Business

Property investor Supermarket Income snaps up Bangor Sainsbury's for £24.8m

LONDON-listed property investor Supermarket Income REIT has made its first foray into Northern Ireland by acquiring the Sainsbury's complex in Bangor in a £24.8 million deal.

The seller was John Morgan Estates, a Belfast-based property letting agency whose principal directors are Raymond George Morgan (76), his son William George Morgan (52) and Rosemary-Anne Elizabeth Berryman (49).

The ten-acre site on the West Circular Corridor was developed in 2011 and comprises a 44,000 sq ft store, 650 parking spaces and an eight-pump petrol station.

It also includes an adjoining Homebase unit spanning 33,000 sq ft.

The Sainsbury's store has an unexpired lease term of 15 years with five-yearly rent reviews subject to 2 per cent fixed annually compounded uplifts.

The Homebase unit has an unexpired lease term of 10 years.

Based on the cost of the deal, the combined net initial yield is 6.6 per cent.

Ben Green, of Atrato Capital, the investment adviser to Supermarket Income REIT, said: "This income accretive acquisition is our first in Northern Ireland, adding further geographical diversification to our growing portfolio of UK supermarkets."

The company is a real estate investment trust providing secure, inflation-protected, long income from grocery property in the UK.

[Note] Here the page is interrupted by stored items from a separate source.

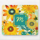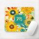 Gult och turkos vitsikkonstblommor mousesepad. Lägg till initialer i personligen.
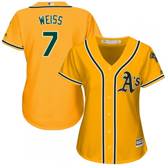 Home>MLB>Oakland Athletics>Walt Weiss>Women's Majestic Oakland Athletics #7 Walt Weiss Replica Gold Alternate 2 Cool Base MLB Jersey
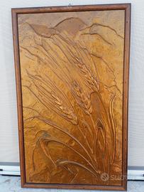 Misura 63.50 x 38.50. Quadro in rilievo in rame illustrante una spiga.
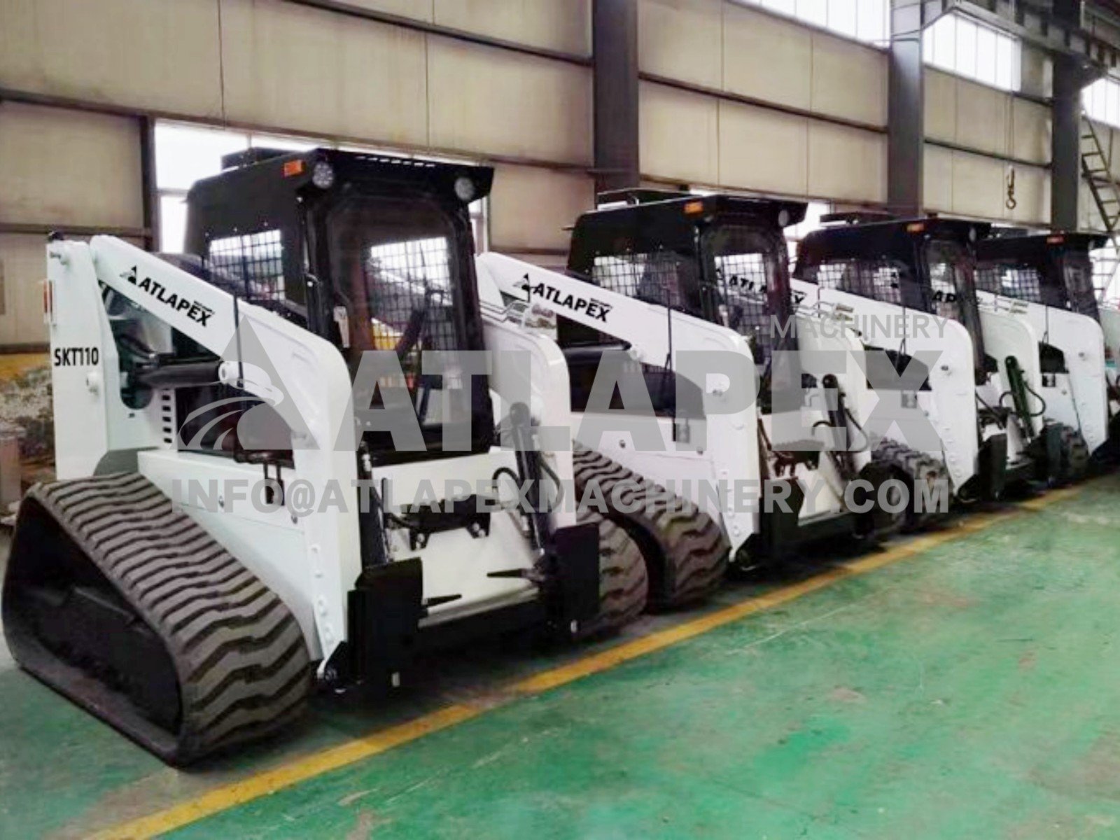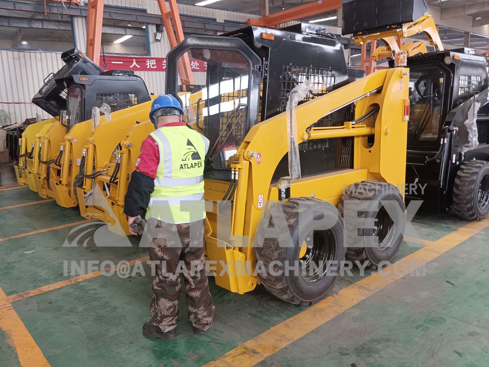 When working on soft ground such as mud, crawler loaders can evenly disperse the pressure of the body, bring less pressure to the surface, have a lower ground contact ratio, and have more outstanding mud operation performance. The ATLAPEX skid steer loader adopts a sturdy chassis design, good off-road performance, low ground contact pressure, better stability, traction and driving force, and is ideal for residential construction and gardening applications.
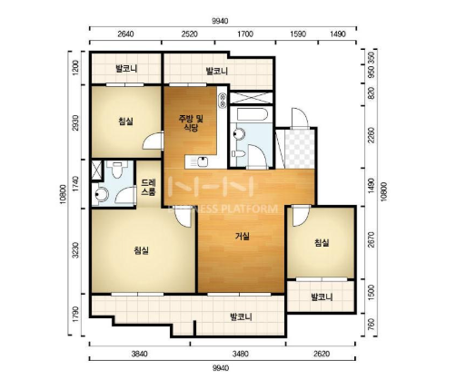 방3, 욕실2, 거실, 주방/식당, 발코니,
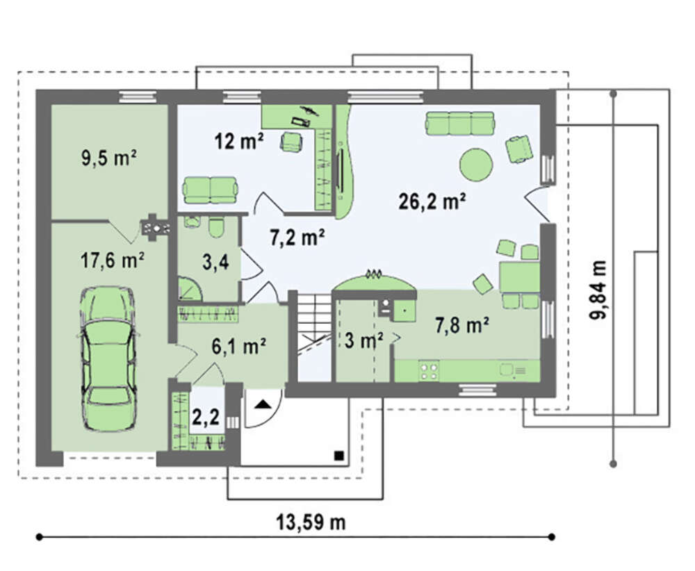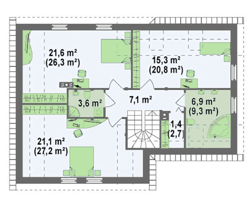 Проект світлого приватного котеджу з мансардою площею 192 кв.м.

Supermarket Income REIT claims to provide its shareholders with an attractive level of income together with the potential for capital growth by investing in supermarket real estate assets.

Its properties are fully let on long indexed linked leases to the biggest names in the UK grocery sector with excellent covenant strength.

Its portfolio includes seven Sainsbury's stores, eight Tesco's, eight Waitrose, three Morrisons and one Aldi.

Indeed its directly-owned portfolio has a valuation of £1.1 billion and garners more than £52 million a year in rents.

The deal is the biggest in Northern Ireland so far this year, and close to the highest transaction of 2020, when Pimco’s Bravo Strategies III fund paid £34.7 million for a 90 per cent in Sprucefield Retail Park on the outskirts of Lisburn.